# San Diego, CA SR20DET smog myth



## Omerta11023 (Feb 3, 2008)

So i have heard that you cant smog the SR20DET swap out of a 93 240sx S13 down here in San Diego because of the strict emmissons. 

Is this true?


----------



## rogoman (Dec 16, 2004)

Yes, this is true. Here's the bottom line:

The SR20DET is NOT emissions legal in the U.S. The SR can be cleaned up by using a CAT and keeping some of the OEM emission devices intact.

If the emissions testing in your state doesn't require a visual inspection of the engine compartment and your 240SX is an S13 which doesn't use OBD-II, then the car should pass.
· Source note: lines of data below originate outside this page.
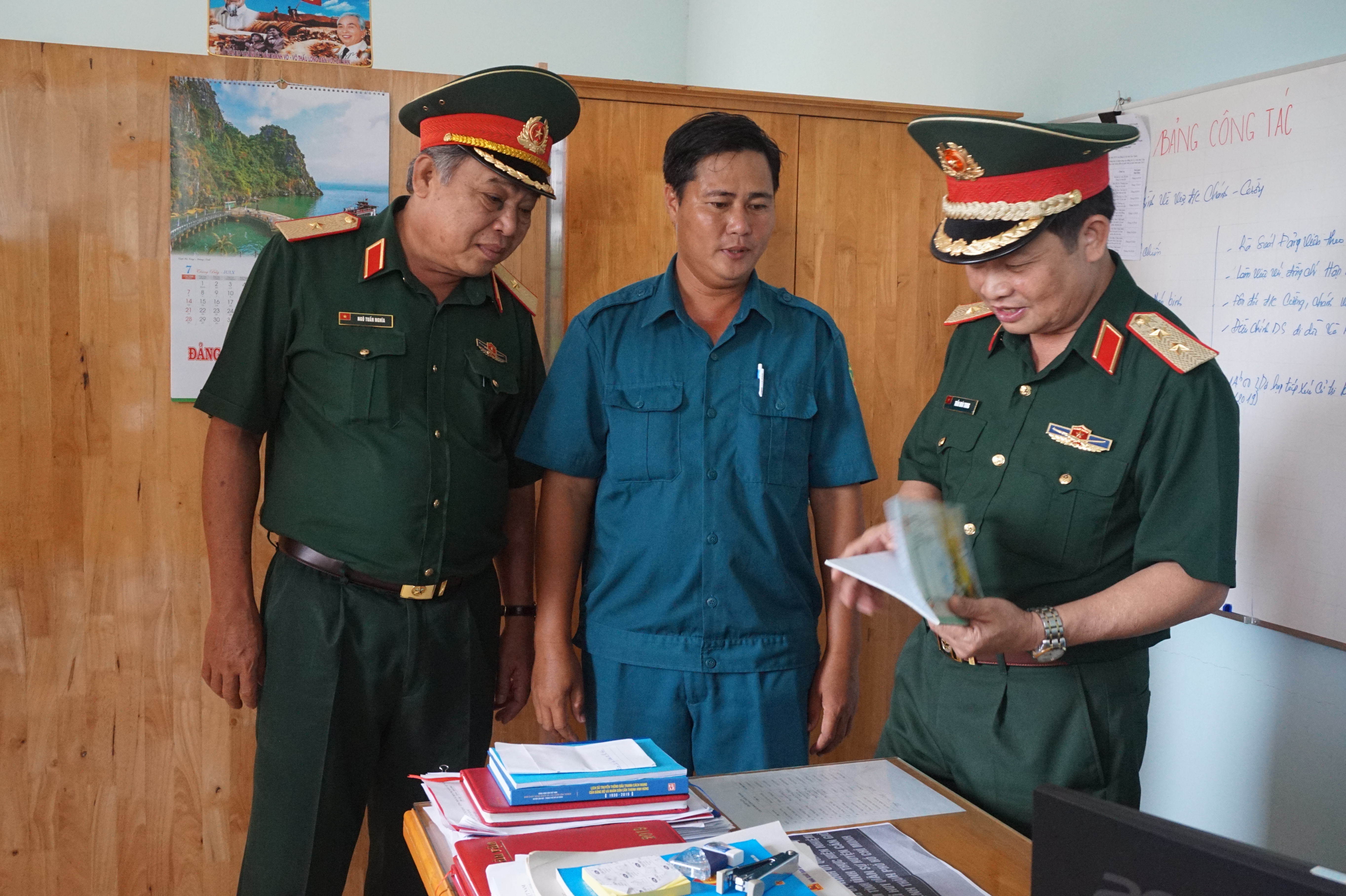 Đồng chí Chính ủy Quân khu kiểm tra sổ sách của Chỉ huy Thị trấn Cần Thạnh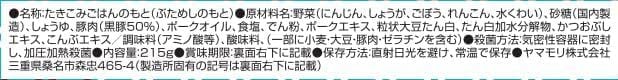 野菜(にんじん、しょうが、ごぼう、れんこん、水くわい)、砂糖(国内製造)、しょうゆ、豚肉(黒豚50%)、ポークオイル、食塩、でん粉、ポークエキス、粒状大豆たん白、たん白加水分解物、かつおぶしエキス、こんぶエキス/調味料(アミノ酸等)、酸味料、(一部に小麦・大豆・豚肉・ゼラチンを含む)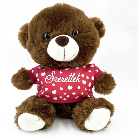 Plüss maci barna és fehér színben, levehető pólóján színes felirattal. 25 cm magas Nagyszerű választás, ha szívhez szóló, egyedi ajándékot szeretnél adni. Ideális ajándék minden alkalomra. Utánvétellel nem vásárolható.
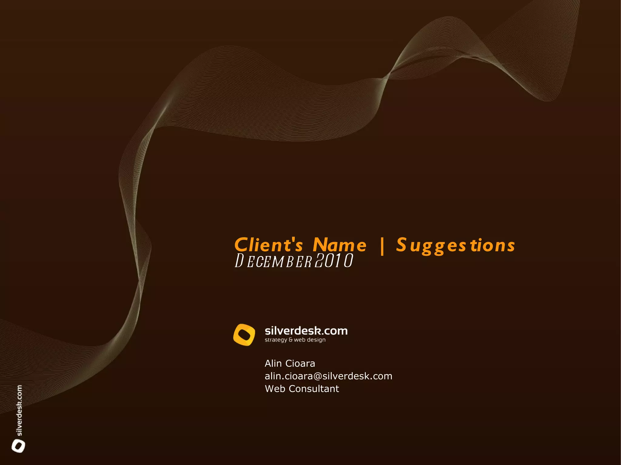 ![Client's Name | Suggestions December 2010 Alin Cioara [email_address] Web Consultant](https://image.slidesharecdn.com/svd-ecommerce02-110213082544-phpapp01/75/Silverdesk-eCommerce-1-2048.jpg)
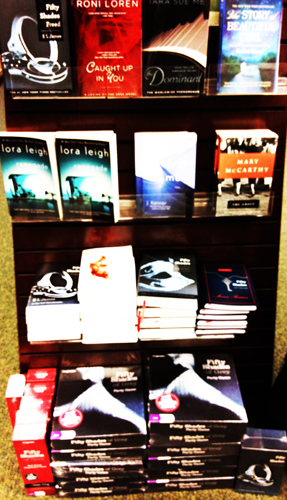 Den letzten Apfel auf dem Cover haben wir – na? – Genau. Auf dem Cover des ersten Twilight-Bandes gesehen (Bei uns Taschenbuch Piper, um genau zu sein). Twilight ist mittlerweile schon von Topaktuell – oberes Regalfach – ins untere Regalfach abgewandert. Auch irgendwie hart, wobei man Stephenie Meyers bestimmt nicht bemitleiden muss. Was bestsellermäßig im Angebot ist, unterscheidet sich nicht viel von dem Angebot bei uns. Natürlich ist da auch das Shades-of-Grey-und-ähnliches Regal.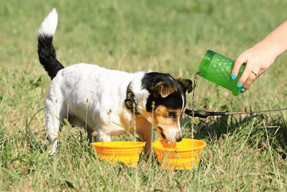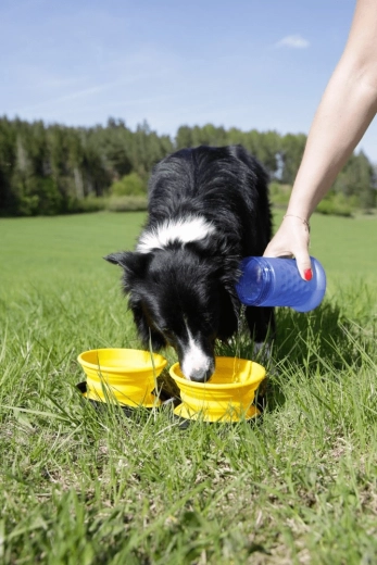 Solution compacte pour l’eau et la nourriture dans une seule bouteille. Idéale pour les promenades, les excursions et les voyages avec votre chien.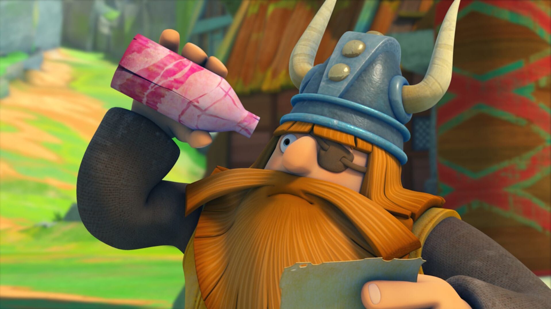 Auf dem Holzweg: Als anständige Kerle wollen die Wikinger ein Mädchen retten, das per Flaschenpost um Hilfe bittet. Sie wissen nicht, dass der schreckliche Sven sie damit in eine böse Falle lockt. Halvar glaubt, er habe das Geschäft seines Lebens gemacht und für ein einziges Fass Honigwein das allerfeinste Rosenholz eingetauscht. Doch zum Abladen der vermeintlich hochwertigen Ladung kommt er nicht. Denn Meereswellen gespickt mit Flaschenpost rollen in Flake ans Ufer. Die Flaschenpost enthält den nachdrücklichen Hilferuf eines verzweifelten Fräuleins. Da die Flaschen allesamt aus dem Holz des Vogelkirschbaums gemacht sind, ist klar, wo dieses verzweifelte Mädchen sitzt: auf der Insel der Vogelkirschbäume! Zwar haben die Wikinger wenig Lust, sich den Tag mit einer hastigen Rettungsaktion zu verderben, doch Ylva belehrt sie eines Besseren: die Drachenboot-Besatzung hat auszurücken und sich – als anständige Wikinger – augenblicklich um das Schicksal dieses wildfremden, aber hilfsbedürf-tigen Menschen zu kümmern. Wildfremd? Na ja, so fremd denn auch wieder nicht! Denn schnell stellt sich heraus, dass unsere Helden mitten hinein in eine Falle des schrecklichen Sven segeln, den man nur besiegt, wenn man Wickie heißt und sich des angeblich aller-feinsten, in Wirklichkeit aber wurmstichigen Rosenholzes bedienen kann. Halvars Prüfung: Unversehens geraten die Wikinger in die Hände einer Königin, die mit seefahrenden Kerlen nur die allerschlechtesten Erfahrungen gemacht hat. Um ihr zu entkommen, muss Halvar ein paar tüchtige Prüfungen bestehen. Wie bitte? Halvar soll sich daheim um den Abwasch kümmern? Und dann auch noch tatenlos zusehen, wie Wickie unter der Fuchtel von Mama Ylva steht und sich mit weibischem Stricken beschäftigt? Auf gar keinen Fall! Was ein echter Wikinger ist, der braucht die hohe See – und genau dahin zieht es eilig den Wikingerchef samt seiner ganzen Drachenboot-Crew. Auf geht's zu entfernten Inseln, auf denen angeblich die Pflastersteine aus Gold sind und ein jeder – mir nichts, dir nichts – ein reicher Mann wird. Doch diese Art Wunderdinge haben sich rasch ausgeträumt, als das Drachenboot mit großem Getöse in ein Felsenriff rauscht und dabei eine Handvoll einheimischer Frauen aufschreckt. Gorm hält sie zunächst für Meerjungfrauen, doch weit gefehlt: sie sind die Herrinnen der Insel! Unter Führung von Königin Rhiannon herrschen hier die Amazonen über die Männer, und ausgerechnet auf Halvar sind sie alles andere als gut zu sprechen. War er nicht derjenige, der die Insel im Juli ausgeplündert hat? Unser Wikingerchef wird sich von diesem Verdacht nur befreien dürfen, wenn er sich einer heiklen Prüfung unterzieht und gegen Wind, Feuer und Erde besteht. Ohne Wickie hat er da wohl keinerlei Chance!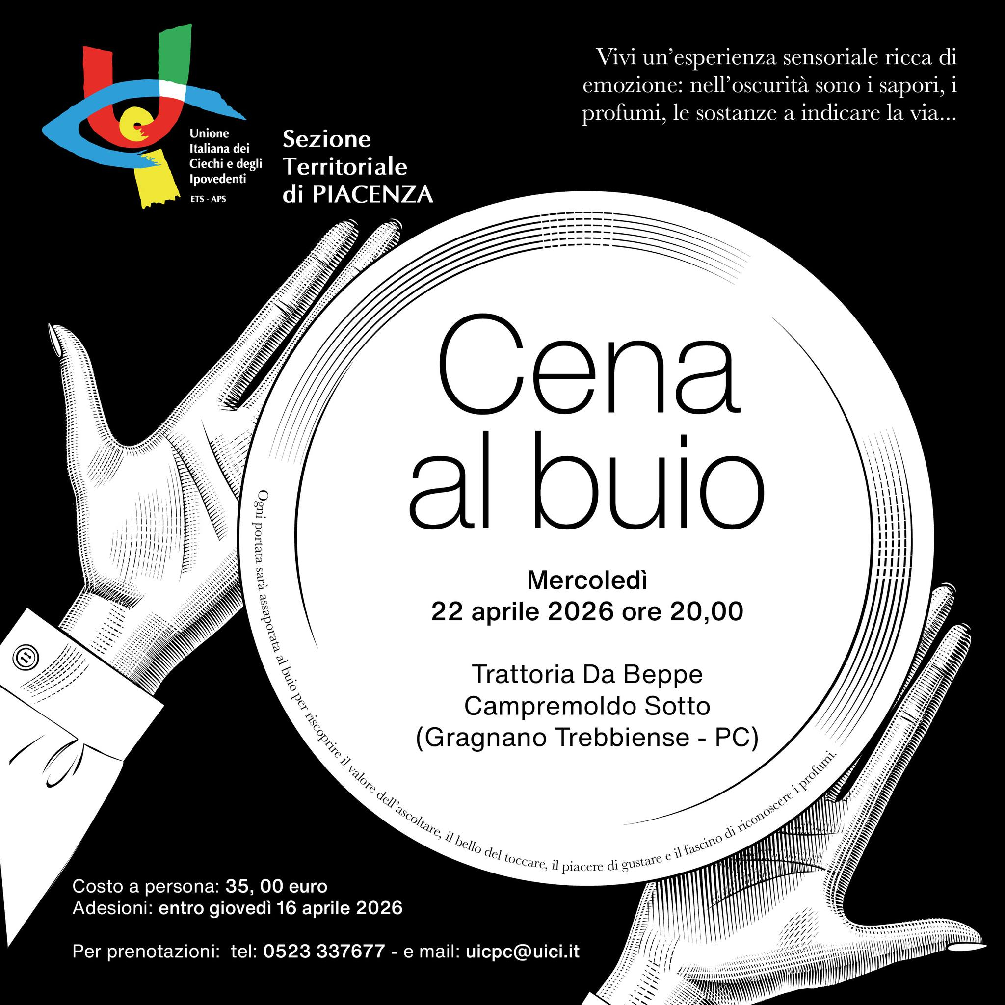 Mercoledì 22 aprile alle ore 20.00, alla Trattoria Da Beppe di Campremoldo Sotto, Gragnano Trebbiense, è in programma una Cena al buio promossa dall’Unione Italiana dei Ciechi e degli Ipovedenti – Sezione Territoriale di Piacenza.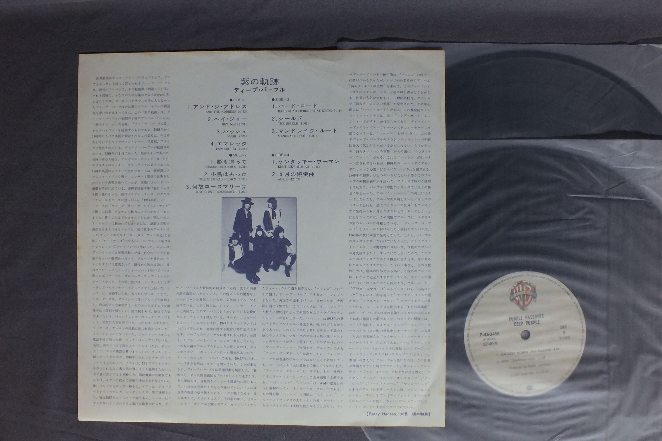 DEEP PURPLEディープ・パープル/PURPLE PASSAGES紫の軌跡 P4603-4W 製造国:日本盤 / Media:LP外観:VG盤の状態:EX 価格(税込):¥1,210 送料 7inch:定形外郵便 360円~LP:定形外郵便 660円~送料は、注文の最終画面で確認頂けます。 > > DEEP PURPLE/PURPLE PASSAGES 外観 (VG)特記事項:カードにシミありジャケ表面にスレやスリキズ有り。ジャケット表裏にリングスレあり。外観VGの共通説明:ダメージが見るからに多い。 盤の状態 (EX)特記事項:薄いスリキズ・スレ軽くある感じ。軽微なものが中心です。盤EXの共通説明:盤面のスリキズが薄いものが少し~軽度 音に出そうなものは無いように見える(軽微なソフトティック音は除く)。 Tweet それぞれの画像をクリックすると、大きい写真が見られます こちらの商品もお勧めです 1,980円 DEEP PURRLEディープ・パープル / LAST CONCERT IN JAPANラスト・コンサート・イン・ジャパン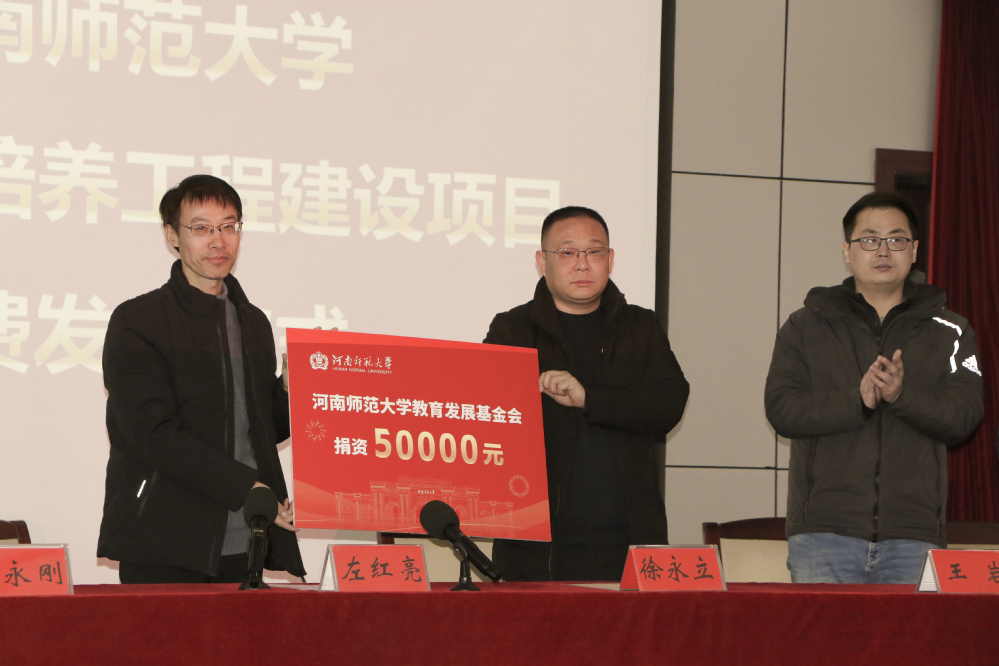 长垣一中是我校的优质生源基地,近三年考取河南师范大学的总人数多达360余人,左红亮代表河南师范大学向长垣一中长期以来对我校建设、发展的大力支持表示衷心的感谢和崇高的敬意!随后,介绍了河南师范大学的基本情况以及报考河南师范大学的优势,并代表河南师范大学教育发展基金会,向长垣一中捐赠5万元,用于促进两校师生间的交流联络、教师信息化能力提升。期待与长垣一中加深协作,通过“请进来”“走出去”等形式共建共享教育教学资源,同心同行,携手育人,为国育才!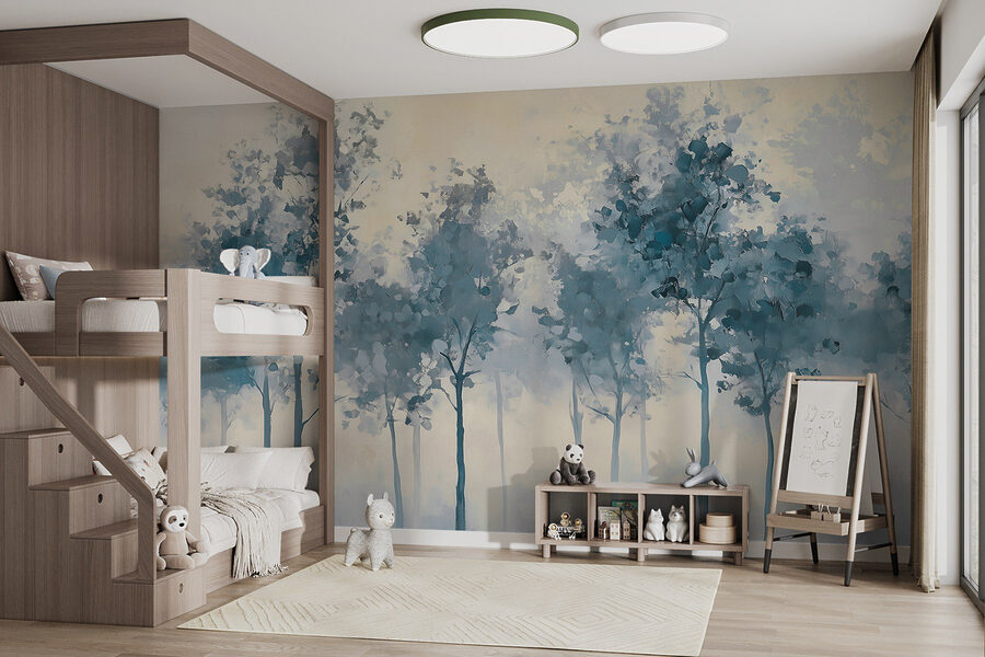 Predstavte si pokojný les, v ktorom stoja vysoké stromy ticho zahalené v hmle. Táto nástenná maľba “Skupina stromov v hmle” dokonale zachytáva tento čarovný okamih. Jemná modrá a nežná zelená sa plynule prelínajú a vytvárajú zasnené pozadie, ktoré upokojuje dušu. Je to ako preniesť si kúsok prírody do interiéru bez potreby zalievania. Predstavte si ho v útulnom čitateľskom kútiku, kam sa dá uniknúť s knihou a šálkou teplého čaju. Každý pohľad pôsobí ako pokojné útočisko, ktoré premení akýkoľvek priestor na upokojujúce útočisko – nie sú potrebné turistické topánky. Ideálny pre milovníkov prírody alebo pre každého, kto chce mať doma trochu pokoja.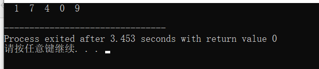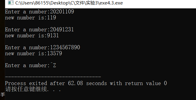 //取s每一数位上的奇数来构成一个新数,高位仍在高位,低位仍在低位。 #include<stdio.h> #include<math.h> int main(){ int a,b; long s; double y; printf("Enter a number:"); while(scanf("%ld",&s)!=EOF) { printf("new number is:"); int n=1,i=0; do { a=s%10; b=s/10; if(a%2==1) { n=n+1; y=pow(10.0,(n-2)); i=a*(int)y+i; } s=b; }while(b>0); printf("%d",i); printf("\n"); printf("\n"); printf("Enter a number:"); } return 0; }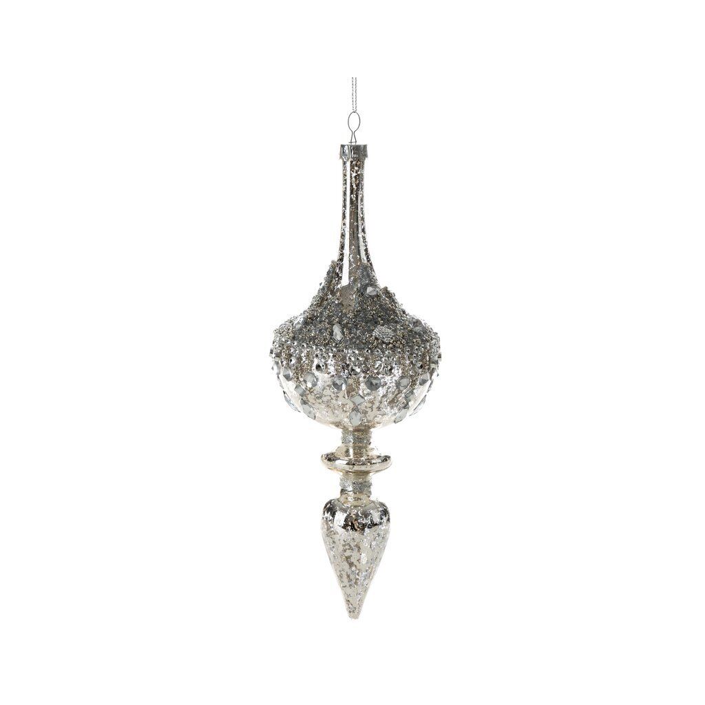 Gyönggyel díszített üvegdísz, szélesség: 8 cm, hossza: 25 cm, szín: ezüst, összetétel: összetétel: 100% üveg. A minimális rendelési mennyiség 4 db.

If the car is an S14 with OBD-II and the emissions testing equipment plugs into the OBD-II connector, then the car will fail; also if the facility does visual checking of the engine compartment, the car will fail.


----------



## Omerta11023 (Feb 3, 2008)

*damn this will be hard*

then i guess im gonna have to be gettin my car smogged out of state.

i heard you can do that like get a po box to a state where you dont have to smog your car then put those license plates on and your good from what i have heard..

but i dont think it's that simple.


----------



## HEATHE (Apr 15, 2006)

Omerta11023 said:


> then i guess im gonna have to be gettin my car smogged out of state.
> 
> i heard you can do that like get a po box to a state where you dont have to smog your car then put those license plates on and your good from what i have heard..
> 
> but i dont think it's that simple.


you have to have a valid dl in the state and valid address. plus if the cops see you around alot in san diego they can get you for not registering an out of states car


----------



## Omerta11023 (Feb 3, 2008)

*i see*

good point ill mess with the 240 after i get my 300 zx


----------